Leave the pictures out and restate every line below exactly.

:: Dataset extract ::

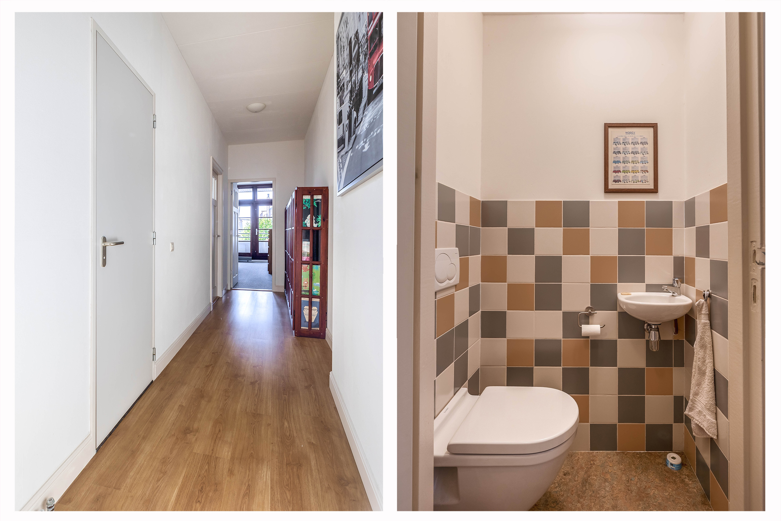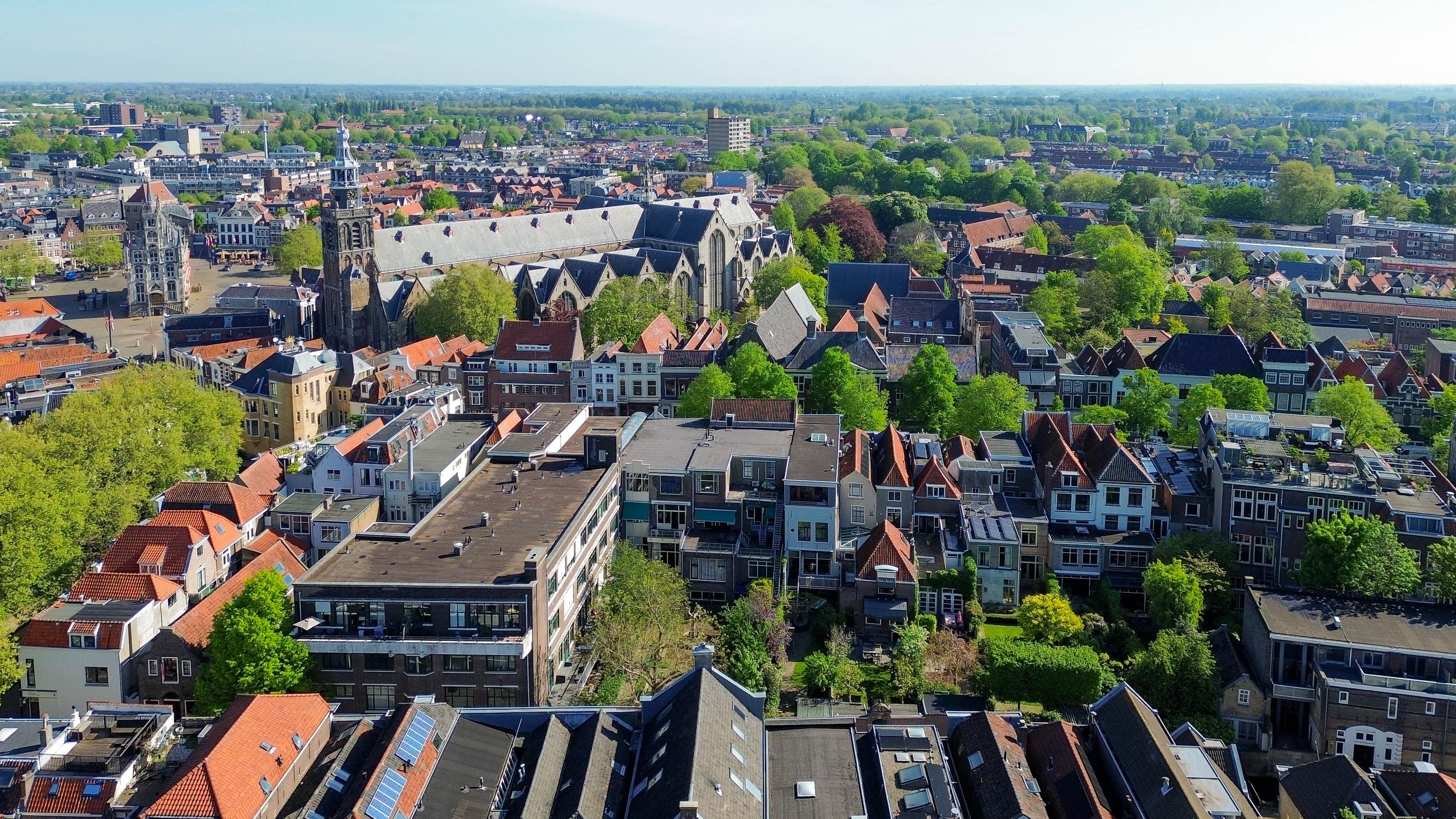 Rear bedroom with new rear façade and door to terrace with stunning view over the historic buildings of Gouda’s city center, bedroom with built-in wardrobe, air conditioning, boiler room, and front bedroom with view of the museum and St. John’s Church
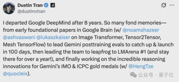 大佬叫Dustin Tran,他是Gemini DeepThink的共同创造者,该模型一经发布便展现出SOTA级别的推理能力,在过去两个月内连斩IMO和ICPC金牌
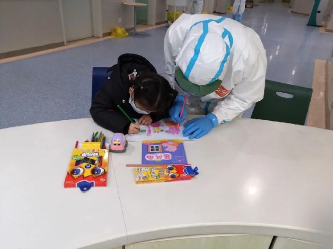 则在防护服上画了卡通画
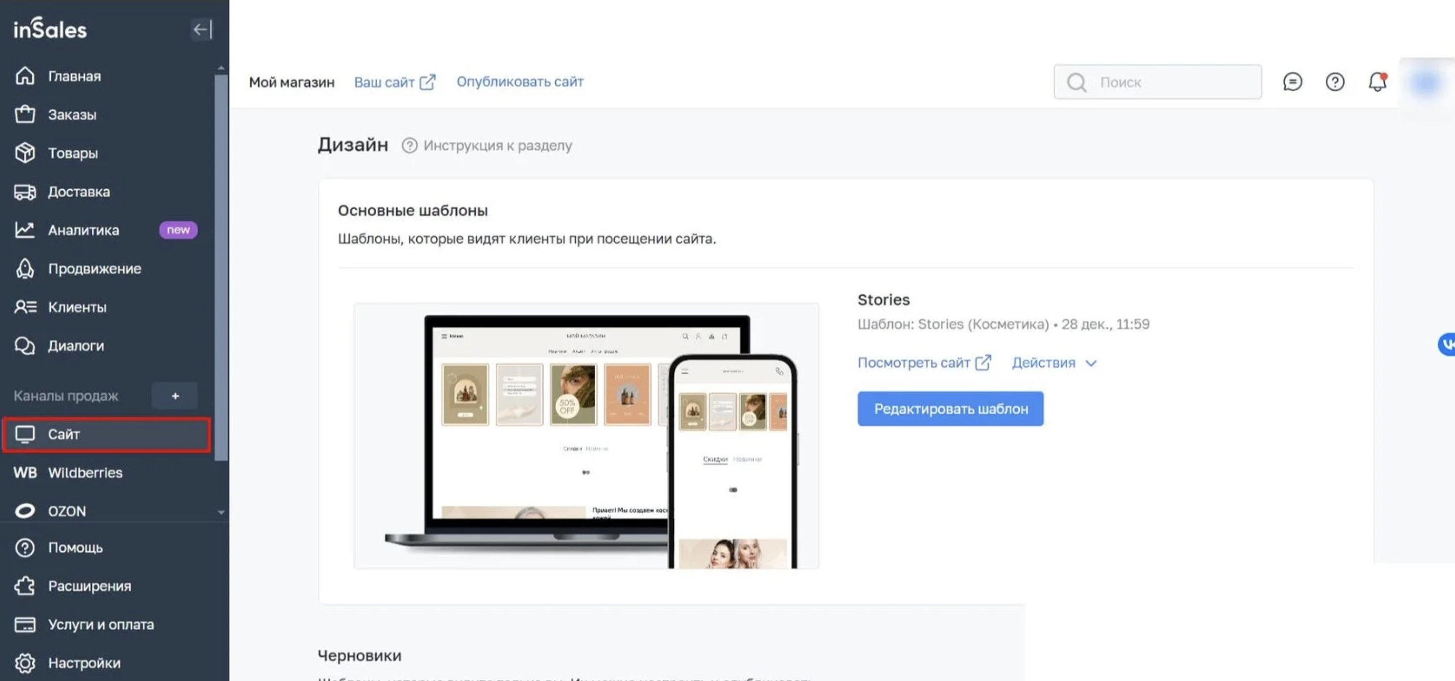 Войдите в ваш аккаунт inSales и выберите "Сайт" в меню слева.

:::

**Solution to the exercise**
 Rear bedroom with new rear façade and door to terrace with stunning view over the historic buildings of Gouda’s city center, bedroom with built-in wardrobe, air conditioning, boiler room, and front bedroom with view of the museum and St. John’s Church
 大佬叫Dustin Tran,他是Gemini DeepThink的共同创造者,该模型一经发布便展现出SOTA级别的推理能力,在过去两个月内连斩IMO和ICPC金牌
 则在防护服上画了卡通画
 Войдите в ваш аккаунт inSales и выберите "Сайт" в меню слева.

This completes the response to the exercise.